This setting limits the maximum number of concurrently executing ASP.NET requests on a system. The default value is conservative to reduce memory consumption of ASP.NET applications. Consider increasing this limit on systems that run applications that perform long, synchronous I/O operations. Otherwise, users can experience high latency because of queuing or request failures from exceeding queue limits under high load with the default setting.

 

Worker Process and Recycling Options

The options for recycling IIS worker processes under the IIS Administrator user interface provide practical solutions to acute situations or events without requiring intervention, a service reset, or even a computer reset.

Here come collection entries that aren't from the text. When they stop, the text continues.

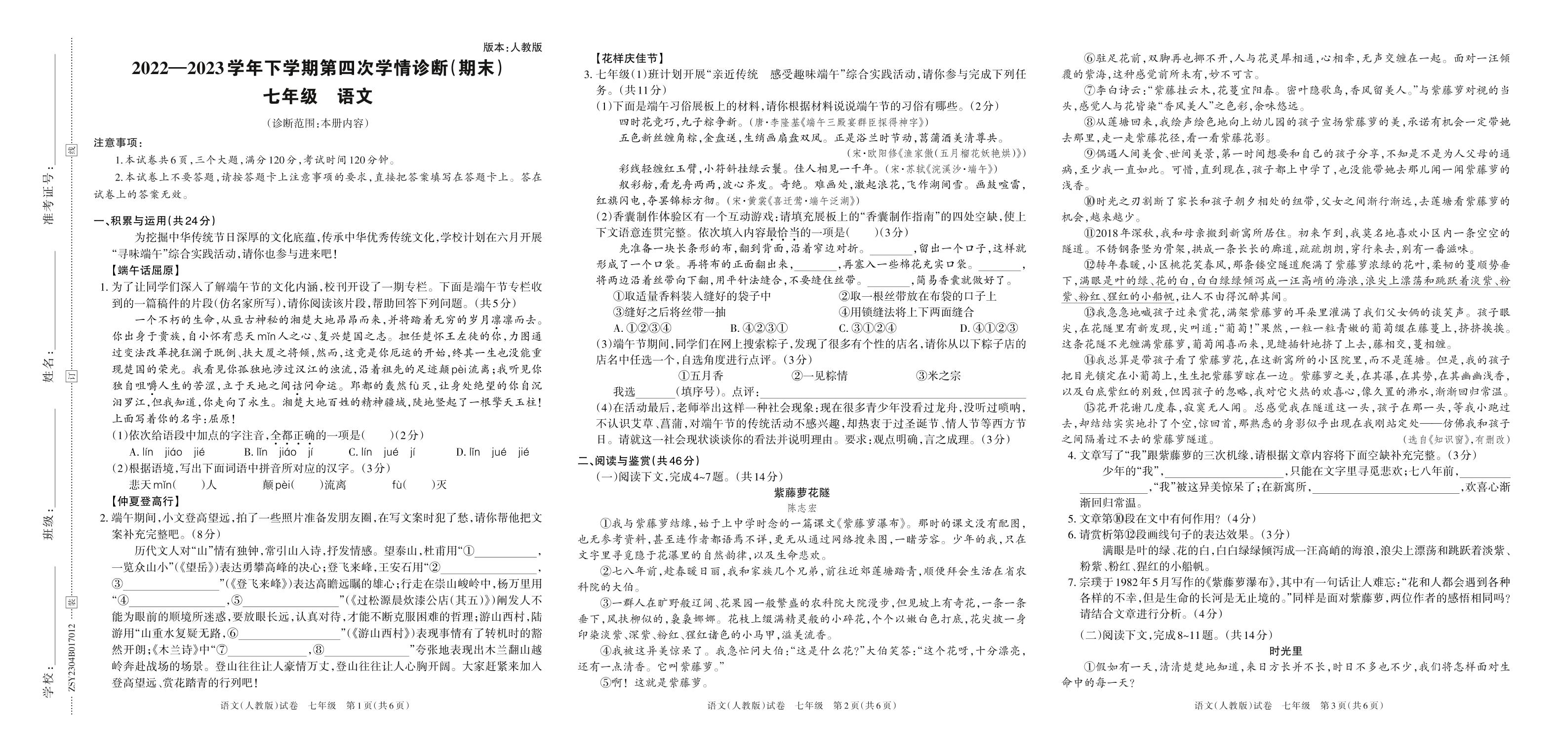 2022—2023学年下学期第四次学情诊断(期末)B卷七年级语文(人教版)
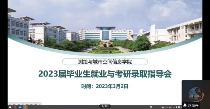 为切实帮助2023届毕业生明确就业目标、端正就业态度,帮助考研员工更加充分的准备复试。3月2日下午,公司以线上会议的形式召开了2023届毕业生就业与考研录取指导会,参加本次会议的有经理高松峰、党委副书记卫柳艳、土管教研室主任杨锋、测绘教研室副主任艾卫涛、遥感教研室副主任陈联君、地信教研室副主任周雨石、2023届毕业生辅导员李方圆、就业指导老师赵苗兴,以及2023届全体毕业生。
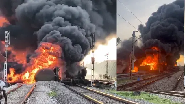 चेन्नई/तिरुवल्लूरः तमिलनाडु के तिरुवल्लूर रेलवे स्टेशन के पास रविवार सुबह एक मालगाड़ी पटरी से उतर गई और उसमें आग लग गई। शुरुआती जानकारी के अनुसार, यह मालगाड़ी डीजल या कच्चा तेल लेकर जा रही थी। आग लगने से चेन्नई–अरक्कोणम रेल मार्ग पर ट्रेन संचालन पूरी तरह बाधित हो गया। हादसे के बाद मालगाड़ी के कम से कम चार डिब्बों में भीषण आग फैल गई, जिससे उठती आग की ऊंची लपटों और काले धुएं ने आसपास के रिहायशी इलाकों में दहशत फैला दी।

Such situations and events include memory leaks, increasing memory load, or unresponsive or idle worker processes. Under ordinary conditions, recycling options might not be needed and can be turned off or the system can be configured to recycle very infrequently.

You can enable process recycling for a particular application by adding attributes to the recycling/periodicRestart element. The recycle event can be triggered by several events including memory usage, a fixed number of requests, and a fixed time period. When a worker process is recycled, the queued and executing requests are drained and a new process is simultaneously started to service new requests. The periodicRestart element is per-application, meaning that each attribute in the table below will be partitioned on a per-application basis.

system.applicationHost/applicationPools/ApplicationPoolDefaults/recycling/periodicRestart

Attribute Description Default
memory Enable   process recycling if virtual memory consumption exceeds the specified limit   in kilobytes. This is a useful setting for 32-bit machines that have a small,   2-GB address space to avoid failed requests because of out-of-memory errors. 0
privateMemory Enable   process recycling if private memory allocations exceed a specified limit in kilobytes. 0
requests Enable   process recycling after a certain number of requests. 0
time Enable   process recycling after a specified time period. (The default is 29 hours.) 29:00:00

Secure Sockets Layer Tuning Parameters

The use of secure sockets layer (SSL) imposes additional CPU cost. The most expensive component of SSL is the session establishment cost (involving a full handshake), and then reconnection cost and encryption/decryption cost. For better SSL performance, do the following:

  • Enable keep-alives for SSL sessions. This eliminates the session establishment costs.
  • Reuse sessions when appropriate, especially with non-keep-alive traffic.
  • Note that larger keys provide more security but also use more CPU time.
  • Note that not all components of your page might need to be encrypted. However, mixing plain HTTP and HTTPS might result in a pop-up warning on the client browser that not all content on the page is secure.

 

ISAPI

No special tuning parameters are needed for the Internet Server API (ISAPI) applications. If writing a private ISAPI extension, make sure that you code it efficiently for performance and resource use. See also “Other Issues that Affect IIS Performance” later in this guide.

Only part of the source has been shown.